_WORK ORDER_. Exact copies of all the lines below are wanted, without a single picture.

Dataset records

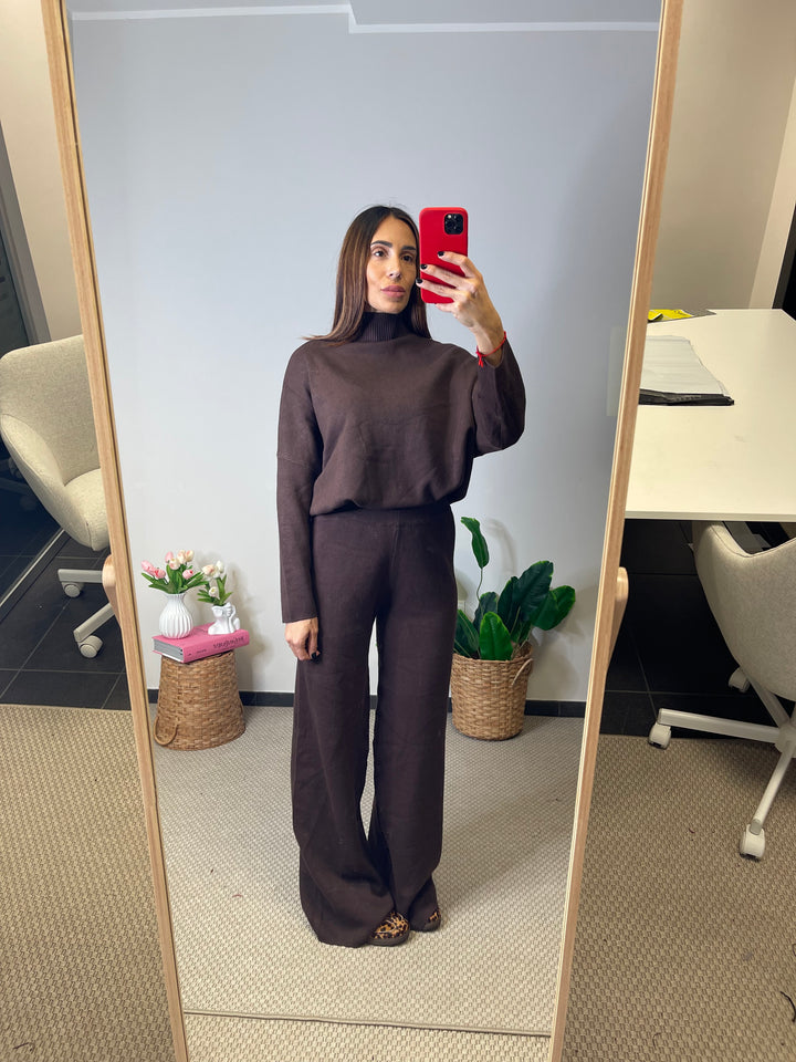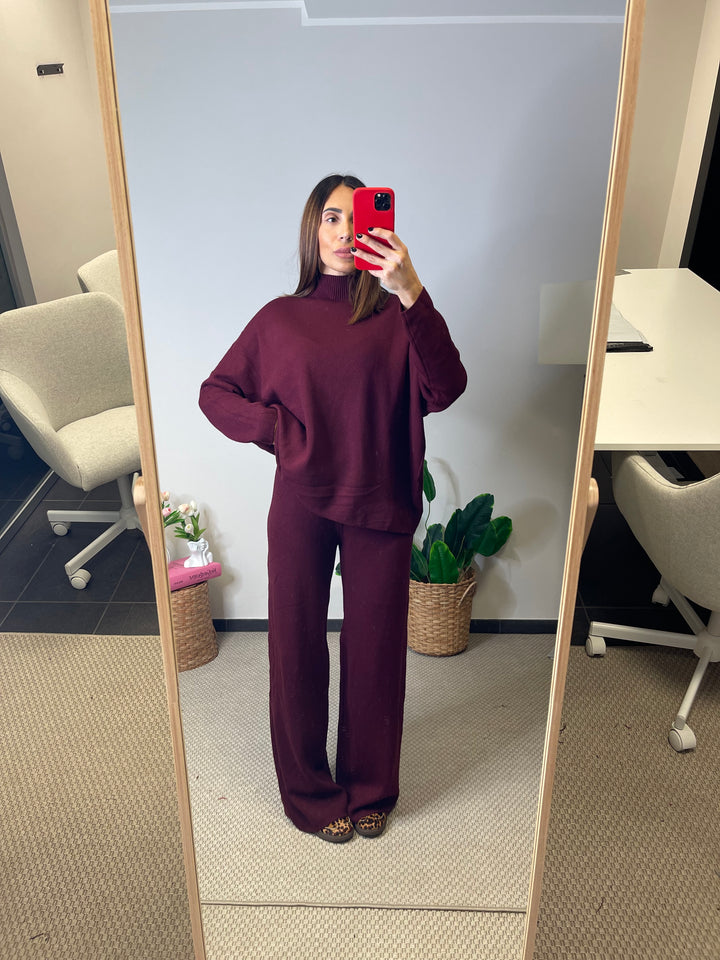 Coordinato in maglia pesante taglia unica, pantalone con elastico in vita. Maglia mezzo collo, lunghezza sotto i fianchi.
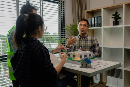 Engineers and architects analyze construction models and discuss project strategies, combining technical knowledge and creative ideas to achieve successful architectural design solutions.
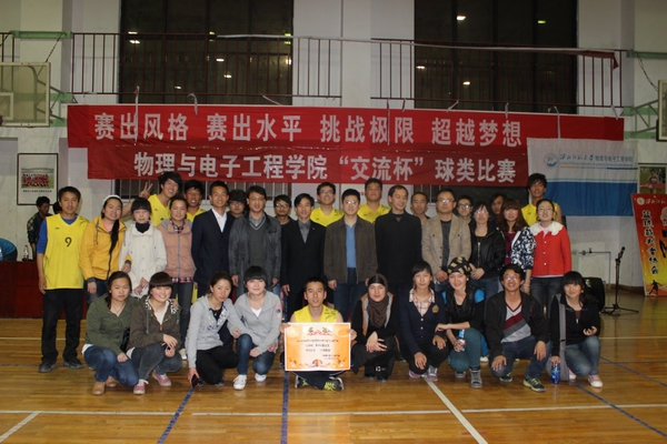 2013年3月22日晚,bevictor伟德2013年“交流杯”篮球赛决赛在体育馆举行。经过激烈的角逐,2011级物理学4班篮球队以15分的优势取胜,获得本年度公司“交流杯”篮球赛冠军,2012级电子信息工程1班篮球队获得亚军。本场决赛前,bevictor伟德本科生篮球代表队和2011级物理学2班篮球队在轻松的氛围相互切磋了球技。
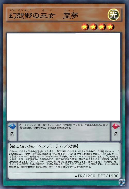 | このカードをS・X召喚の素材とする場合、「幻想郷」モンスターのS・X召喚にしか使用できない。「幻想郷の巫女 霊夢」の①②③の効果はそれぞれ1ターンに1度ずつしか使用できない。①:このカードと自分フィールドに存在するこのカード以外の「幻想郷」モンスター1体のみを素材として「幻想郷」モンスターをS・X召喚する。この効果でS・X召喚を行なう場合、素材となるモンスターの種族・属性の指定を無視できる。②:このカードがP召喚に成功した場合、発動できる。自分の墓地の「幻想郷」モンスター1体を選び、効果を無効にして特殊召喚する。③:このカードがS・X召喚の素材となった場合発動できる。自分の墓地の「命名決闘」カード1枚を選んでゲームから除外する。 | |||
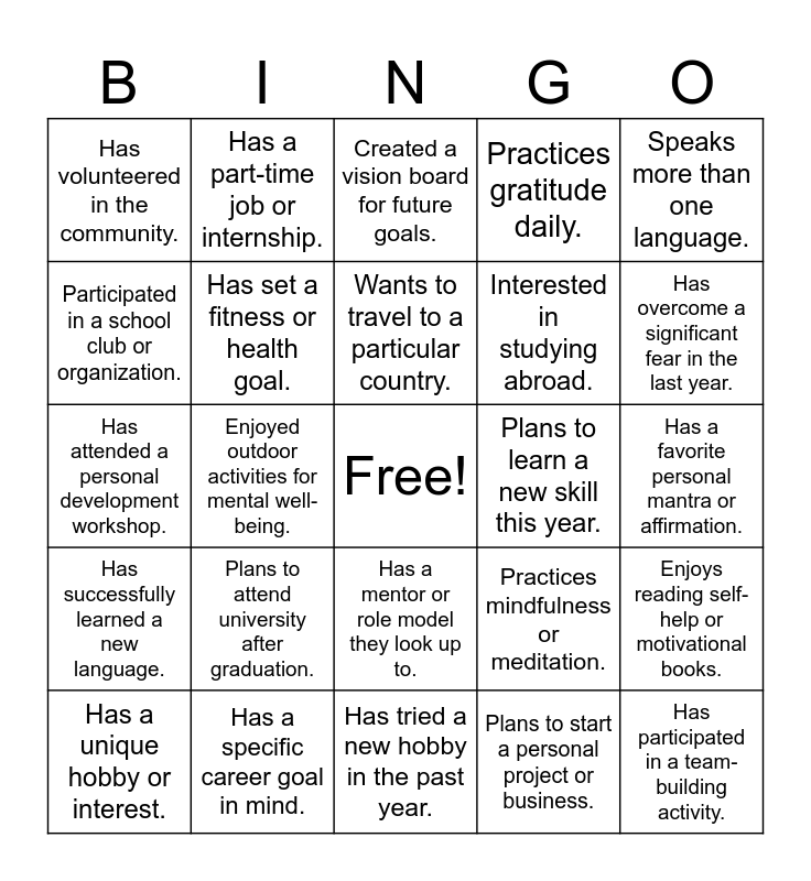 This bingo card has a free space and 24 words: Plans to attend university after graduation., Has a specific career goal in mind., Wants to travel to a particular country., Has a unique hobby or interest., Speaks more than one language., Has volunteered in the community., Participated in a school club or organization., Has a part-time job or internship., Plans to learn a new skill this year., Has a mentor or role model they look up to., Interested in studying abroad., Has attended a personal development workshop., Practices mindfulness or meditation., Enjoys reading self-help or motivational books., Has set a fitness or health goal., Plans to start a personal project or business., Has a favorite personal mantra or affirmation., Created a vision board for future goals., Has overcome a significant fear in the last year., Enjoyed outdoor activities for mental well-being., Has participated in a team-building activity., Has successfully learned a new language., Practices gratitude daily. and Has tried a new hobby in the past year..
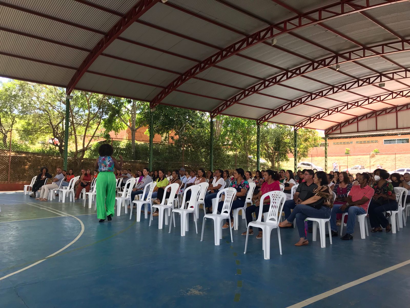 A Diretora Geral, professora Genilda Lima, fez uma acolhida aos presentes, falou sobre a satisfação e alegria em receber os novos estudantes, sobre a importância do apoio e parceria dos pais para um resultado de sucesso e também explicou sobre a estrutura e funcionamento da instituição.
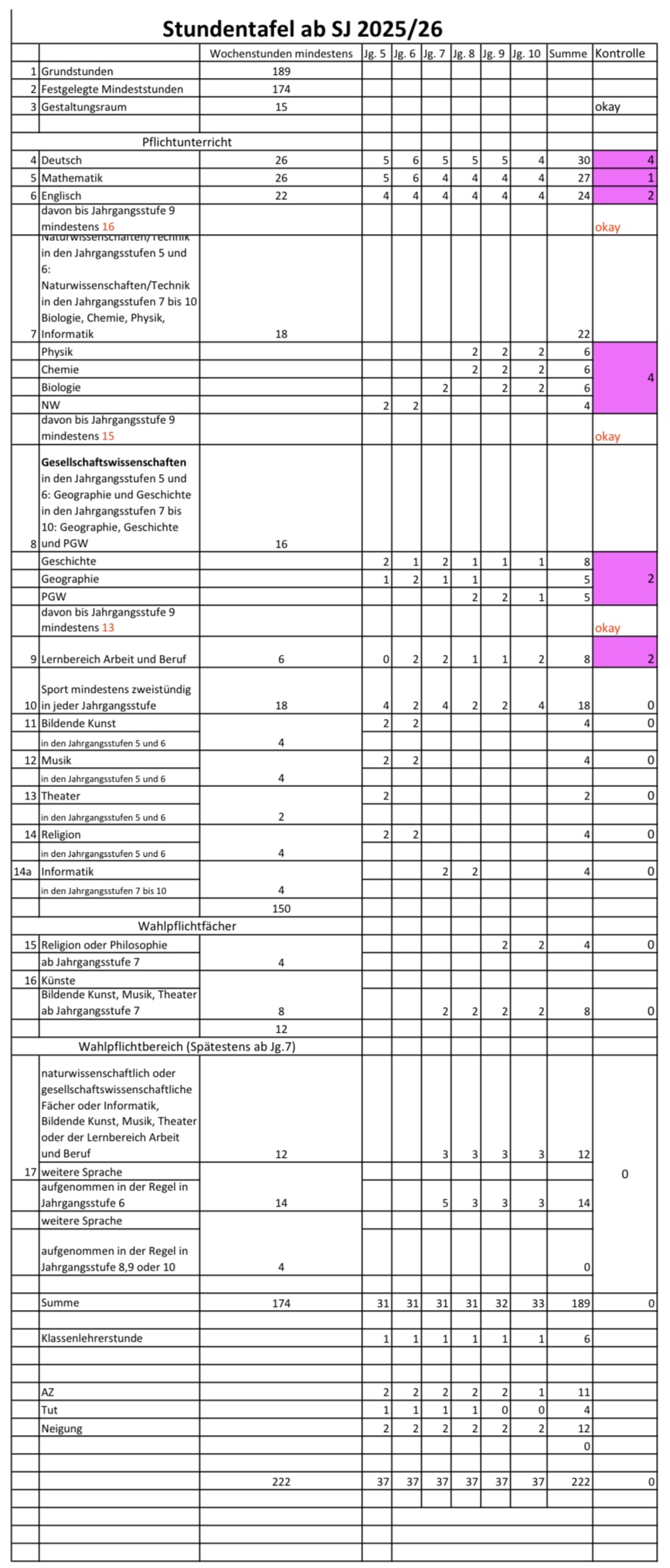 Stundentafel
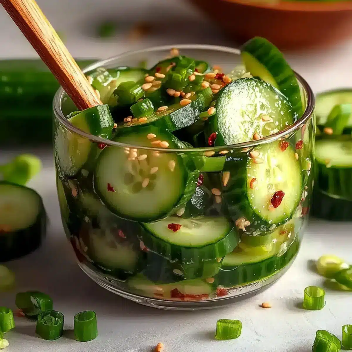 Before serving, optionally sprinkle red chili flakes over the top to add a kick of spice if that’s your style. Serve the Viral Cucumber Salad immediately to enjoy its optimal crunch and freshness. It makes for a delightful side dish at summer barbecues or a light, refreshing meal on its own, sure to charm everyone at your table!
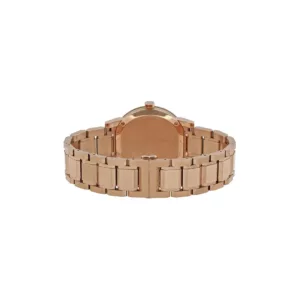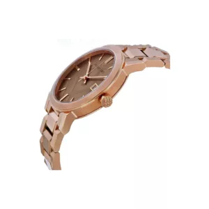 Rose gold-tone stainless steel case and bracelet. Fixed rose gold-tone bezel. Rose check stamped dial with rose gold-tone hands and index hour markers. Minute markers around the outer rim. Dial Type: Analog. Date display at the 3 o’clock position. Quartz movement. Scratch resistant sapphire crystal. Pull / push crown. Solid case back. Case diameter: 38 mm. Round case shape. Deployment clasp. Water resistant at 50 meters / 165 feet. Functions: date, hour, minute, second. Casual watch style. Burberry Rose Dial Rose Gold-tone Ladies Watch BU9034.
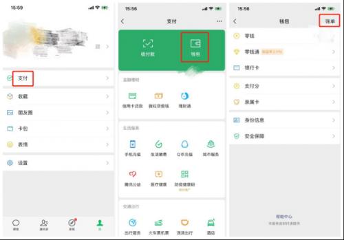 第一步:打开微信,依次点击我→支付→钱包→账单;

_ANSWER BELOW_.
 Coordinato in maglia pesante taglia unica, pantalone con elastico in vita. Maglia mezzo collo, lunghezza sotto i fianchi.
 Engineers and architects analyze construction models and discuss project strategies, combining technical knowledge and creative ideas to achieve successful architectural design solutions.
 2013年3月22日晚,bevictor伟德2013年“交流杯”篮球赛决赛在体育馆举行。经过激烈的角逐,2011级物理学4班篮球队以15分的优势取胜,获得本年度公司“交流杯”篮球赛冠军,2012级电子信息工程1班篮球队获得亚军。本场决赛前,bevictor伟德本科生篮球代表队和2011级物理学2班篮球队在轻松的氛围相互切磋了球技。
 | このカードをS・X召喚の素材とする場合、「幻想郷」モンスターのS・X召喚にしか使用できない。「幻想郷の巫女 霊夢」の①②③の効果はそれぞれ1ターンに1度ずつしか使用できない。①:このカードと自分フィールドに存在するこのカード以外の「幻想郷」モンスター1体のみを素材として「幻想郷」モンスターをS・X召喚する。この効果でS・X召喚を行なう場合、素材となるモンスターの種族・属性の指定を無視できる。②:このカードがP召喚に成功した場合、発動できる。自分の墓地の「幻想郷」モンスター1体を選び、効果を無効にして特殊召喚する。③:このカードがS・X召喚の素材となった場合発動できる。自分の墓地の「命名決闘」カード1枚を選んでゲームから除外する。 | |||
 This bingo card has a free space and 24 words: Plans to attend university after graduation., Has a specific career goal in mind., Wants to travel to a particular country., Has a unique hobby or interest., Speaks more than one language., Has volunteered in the community., Participated in a school club or organization., Has a part-time job or internship., Plans to learn a new skill this year., Has a mentor or role model they look up to., Interested in studying abroad., Has attended a personal development workshop., Practices mindfulness or meditation., Enjoys reading self-help or motivational books., Has set a fitness or health goal., Plans to start a personal project or business., Has a favorite personal mantra or affirmation., Created a vision board for future goals., Has overcome a significant fear in the last year., Enjoyed outdoor activities for mental well-being., Has participated in a team-building activity., Has successfully learned a new language., Practices gratitude daily. and Has tried a new hobby in the past year..
 A Diretora Geral, professora Genilda Lima, fez uma acolhida aos presentes, falou sobre a satisfação e alegria em receber os novos estudantes, sobre a importância do apoio e parceria dos pais para um resultado de sucesso e também explicou sobre a estrutura e funcionamento da instituição.
 Stundentafel
 Before serving, optionally sprinkle red chili flakes over the top to add a kick of spice if that’s your style. Serve the Viral Cucumber Salad immediately to enjoy its optimal crunch and freshness. It makes for a delightful side dish at summer barbecues or a light, refreshing meal on its own, sure to charm everyone at your table!
 Rose gold-tone stainless steel case and bracelet. Fixed rose gold-tone bezel. Rose check stamped dial with rose gold-tone hands and index hour markers. Minute markers around the outer rim. Dial Type: Analog. Date display at the 3 o’clock position. Quartz movement. Scratch resistant sapphire crystal. Pull / push crown. Solid case back. Case diameter: 38 mm. Round case shape. Deployment clasp. Water resistant at 50 meters / 165 feet. Functions: date, hour, minute, second. Casual watch style. Burberry Rose Dial Rose Gold-tone Ladies Watch BU9034.
 第一步:打开微信,依次点击我→支付→钱包→账单;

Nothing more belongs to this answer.